═══ DATA LISTING

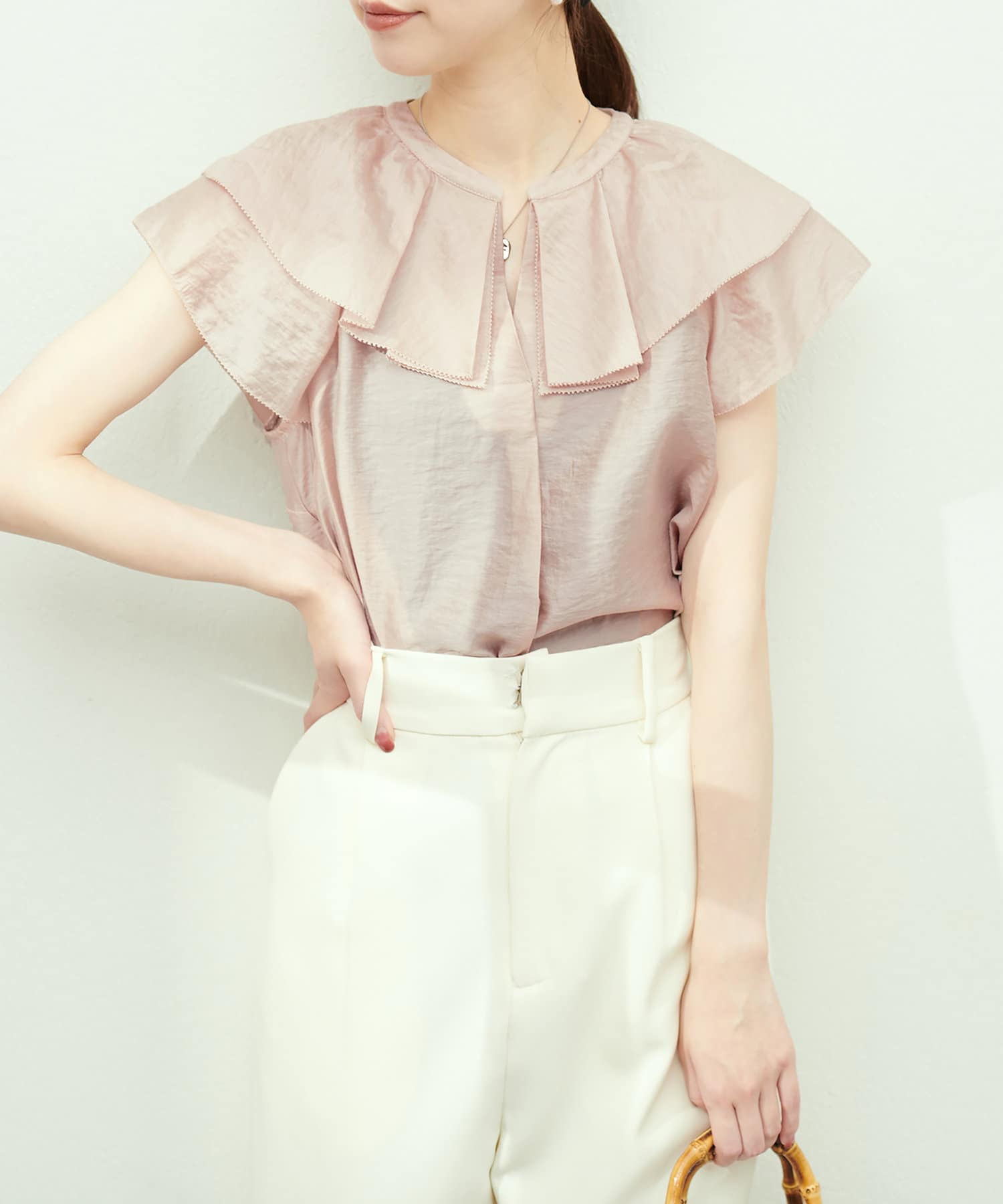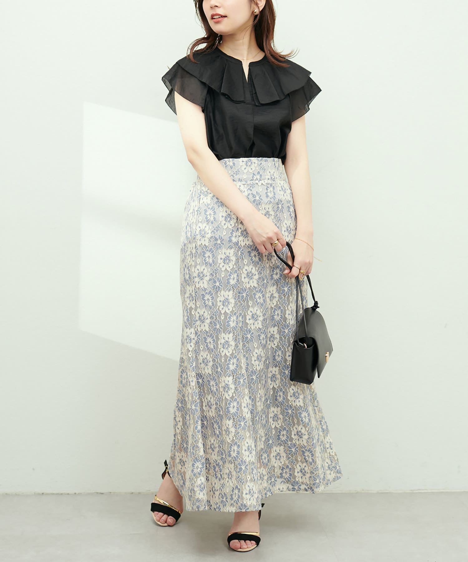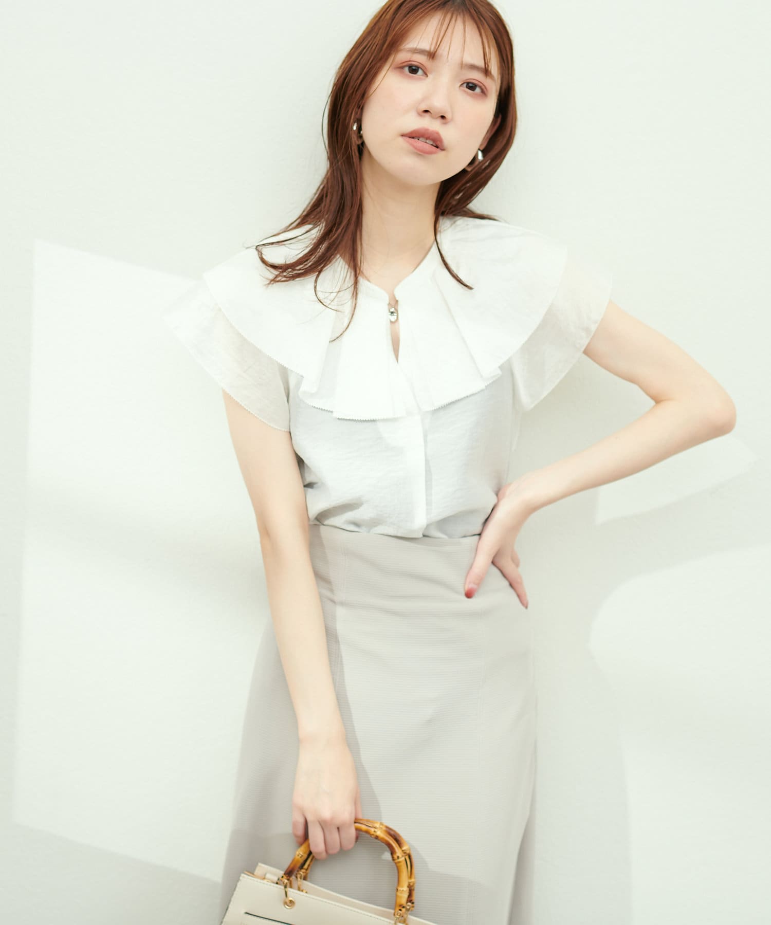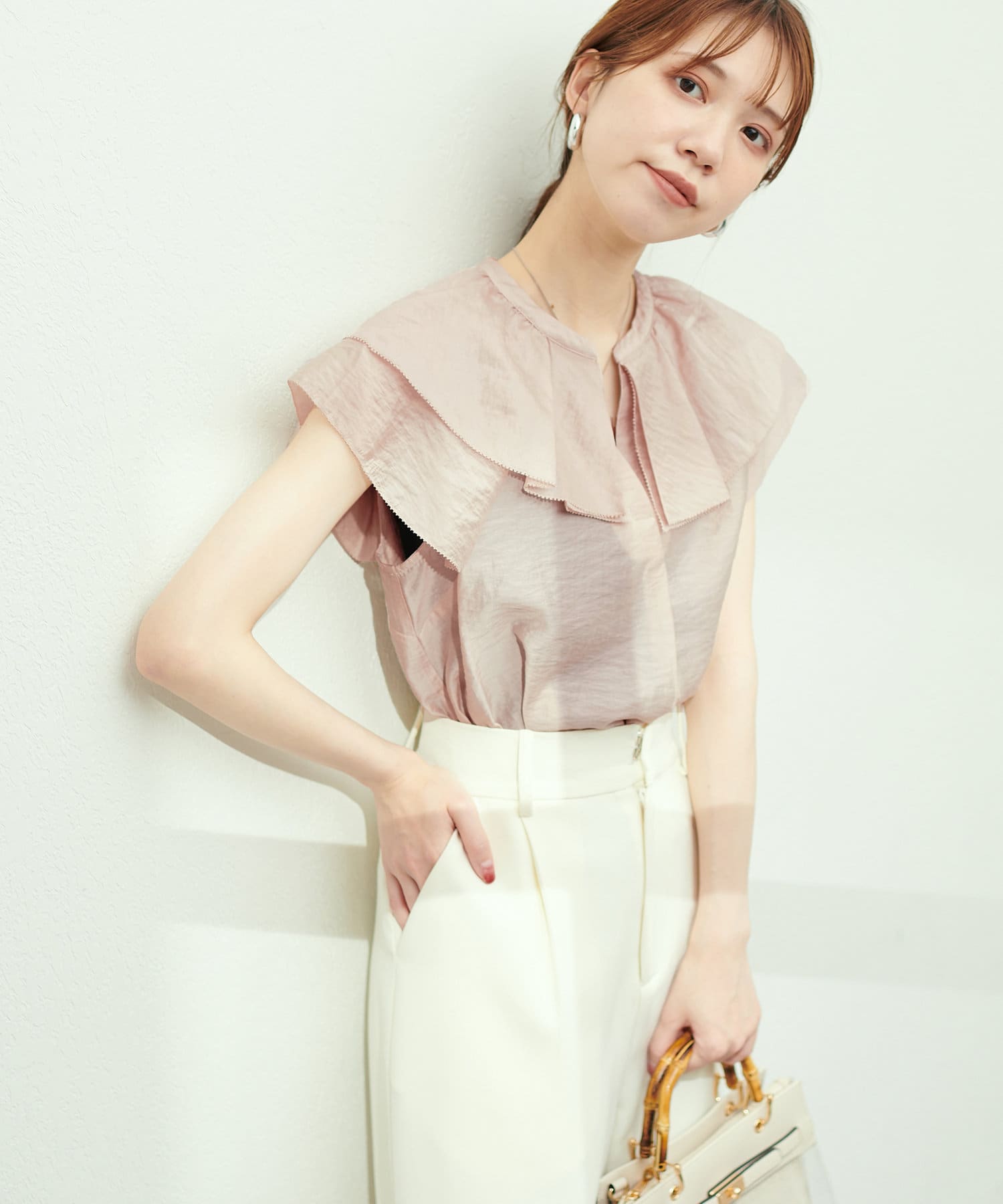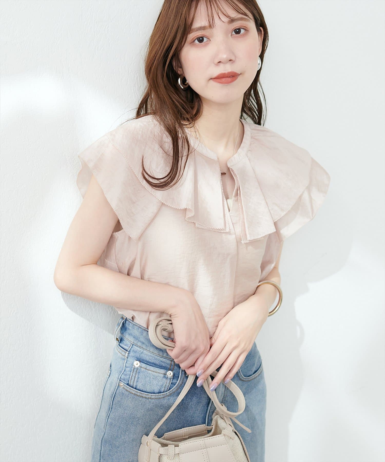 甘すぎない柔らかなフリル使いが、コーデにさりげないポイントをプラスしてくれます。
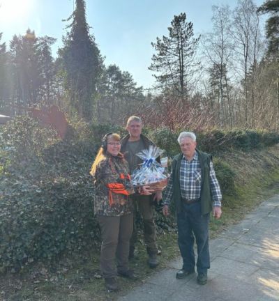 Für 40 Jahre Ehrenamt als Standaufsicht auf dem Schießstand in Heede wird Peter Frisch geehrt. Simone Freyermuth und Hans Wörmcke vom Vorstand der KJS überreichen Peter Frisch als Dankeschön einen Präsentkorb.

══════
═══ DATA LISTING

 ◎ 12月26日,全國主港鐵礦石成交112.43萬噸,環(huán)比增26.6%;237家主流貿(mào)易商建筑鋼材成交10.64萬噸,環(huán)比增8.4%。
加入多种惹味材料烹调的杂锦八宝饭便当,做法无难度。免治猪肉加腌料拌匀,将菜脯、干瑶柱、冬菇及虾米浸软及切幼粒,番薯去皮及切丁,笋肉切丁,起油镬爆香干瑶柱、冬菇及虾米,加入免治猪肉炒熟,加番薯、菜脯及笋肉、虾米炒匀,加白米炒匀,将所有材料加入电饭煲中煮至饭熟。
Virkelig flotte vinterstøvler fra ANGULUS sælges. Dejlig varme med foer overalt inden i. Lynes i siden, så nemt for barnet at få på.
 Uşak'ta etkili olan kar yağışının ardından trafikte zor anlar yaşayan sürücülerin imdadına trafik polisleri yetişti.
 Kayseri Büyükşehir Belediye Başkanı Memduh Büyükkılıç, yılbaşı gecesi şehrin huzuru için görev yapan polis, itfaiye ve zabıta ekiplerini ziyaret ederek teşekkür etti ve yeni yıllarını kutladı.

══════

| YOUR TASK |
Using the entries above, give back exactly the line containing "Virkelig flotte vinterstøvler", the line containing "Kayseri Büyükşehir Belediye", and every line between them, and nothing else.

| ANSWER |
Virkelig flotte vinterstøvler fra ANGULUS sælges. Dejlig varme med foer overalt inden i. Lynes i siden, så nemt for barnet at få på.
 Uşak'ta etkili olan kar yağışının ardından trafikte zor anlar yaşayan sürücülerin imdadına trafik polisleri yetişti.
 Kayseri Büyükşehir Belediye Başkanı Memduh Büyükkılıç, yılbaşı gecesi şehrin huzuru için görev yapan polis, itfaiye ve zabıta ekiplerini ziyaret ederek teşekkür etti ve yeni yıllarını kutladı.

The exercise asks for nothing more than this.